PROVIDED MATERIAL.

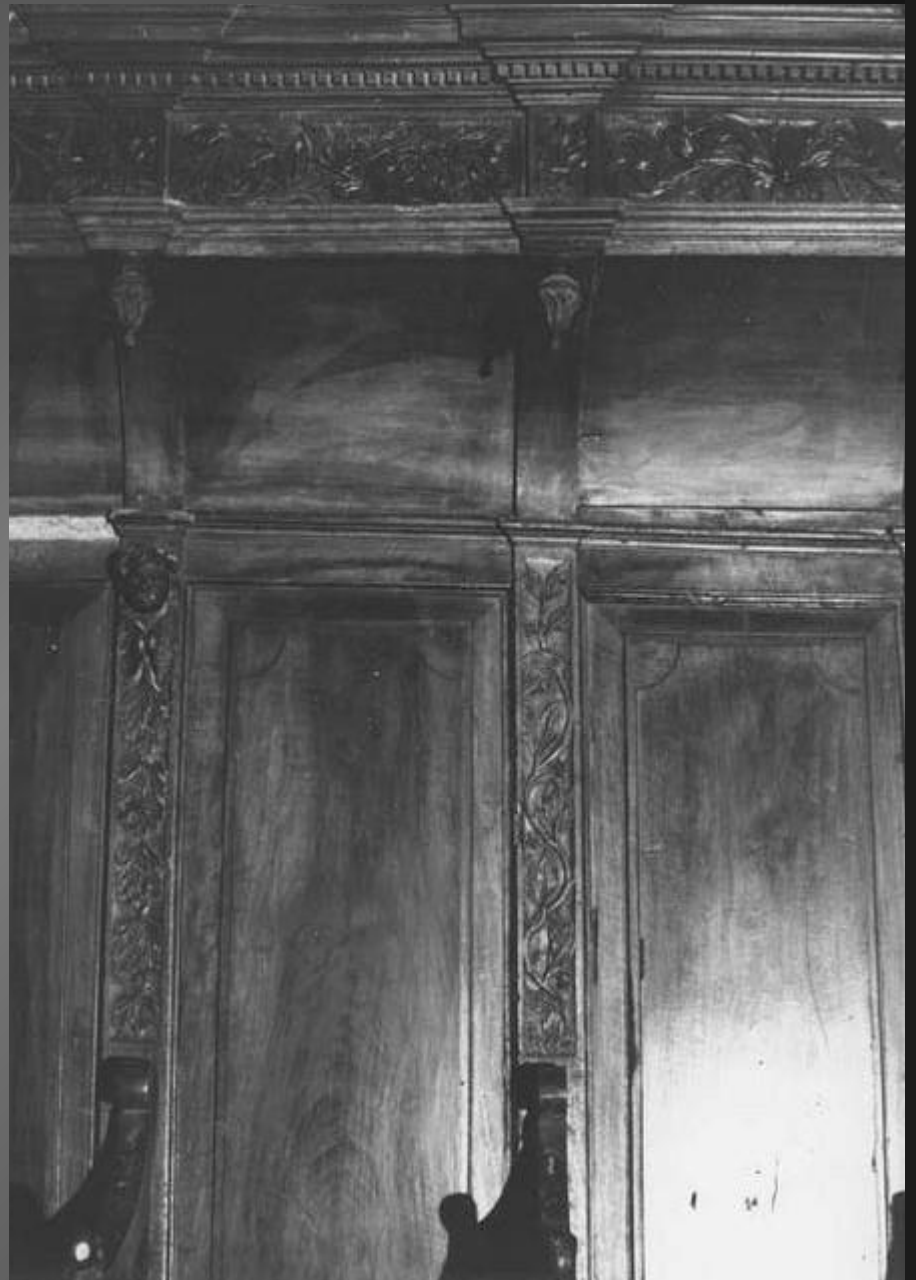
Détail des stalles sculptées.
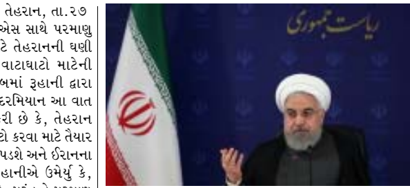
પ્રસ્તુત તસવીરમાં ઈરાનના રાષ્ટ્રપતિને જોઈ શકાય છે. ઈરાનના રાષ્ટ્રપતિ હસન રૂહાનીએ ગત ૬ જૂન, ૨૦૨૦ના રોજ ઈરાનના તેહરાનમાં કોરોના વાયરસ સામેની રાષ્ટ્રીય લડાઈ બોર્ડની એક બેઠકમાં રોગચાળાની પ્રક્રિયા અંગેના તાજેતરના વિકાસ અંગે નિવેદનો આપ્યા હતાં.

(એજન્સી) તેહરાન, તા. ૨૭ ઈરાનના રાષ્ટ્રપતિ હસન રૂહાનીએ યુએસ સાથે પરમાણુ કારરની વાટાઘાટોને પુનઃ શરૂ કરવા માટે તેહરાનની ઘણી શરતોને નક્કી કરી છે. ઈરાન સાથેની વાટાઘાટો માટેની તૈયારીઓના અમેરિકા નિવેદનોના જવાબમાં રૂહાની દ્વારા બુધવારે એક સરકારી બેઠકમાં ભાગ લેવા દરમિયાન આ વાત જણાવવામાં આવી છે. રૂહાનીએ પુષ્ટિ કરી છે કે, તેહરાન વોશિંગ્ટન સાથે P5 + 1 દેખાવ પર વાટાઘાટો કરવા માટે તૈયાર છે, પરંતુ તે પહેલા વોશિંગ્ટનને માફી માંગવી પડશે અને ઈરાનના નુકસાનની ભરપાઈ પણ કરવી પડશે. રૂહાનીએ ઉમેર્યું કે, “યુએસ સાથેની વાટાઘાટોનો માર્ગ સરળ છે, પરંતુ તે પરમાણુ કારરમાં યુ.એસ.ના પરત ફરવા પર અને તેમની તમામ જવાબદારીઓના અમલીકરણ પર પણ આધારિત છે. તેમણે વધુમાં કહ્યું કે, “જો યુ.એસ. ગંભીર છે અને વાટાઘાટો માટેના તેમની હાકલ વિશે ખોટું નથી બોલી રહ્યું, તો તેનો માર્ગ મોકળો થશે, પરંતુ વોશિંગ્ટનને આ બધા નિવેદનોને બદલે, માફી માંગવી જોઈએ અને આંતરરાષ્ટ્રીય નિષ્ણંદોનો અમલ કરવો જોઈએ. વોશિંગ્ટન દ્વારા આ તમામ બાબતોને અનુસરવામાં આવશે તે

INSTRUCTIONS TO FOLLOW. Make an exact copy of the lines from the top of the material through the line with "પ્રસ્તુત તસવીરમાં ઈરાનના", pictures excluded.

RESPONSE TO THE TASK.
Détail des stalles sculptées.
પ્રસ્તુત તસવીરમાં ઈરાનના રાષ્ટ્રપતિને જોઈ શકાય છે. ઈરાનના રાષ્ટ્રપતિ હસન રૂહાનીએ ગત ૬ જૂન, ૨૦૨૦ના રોજ ઈરાનના તેહરાનમાં કોરોના વાયરસ સામેની રાષ્ટ્રીય લડાઈ બોર્ડની એક બેઠકમાં રોગચાળાની પ્રક્રિયા અંગેના તાજેતરના વિકાસ અંગે નિવેદનો આપ્યા હતાં.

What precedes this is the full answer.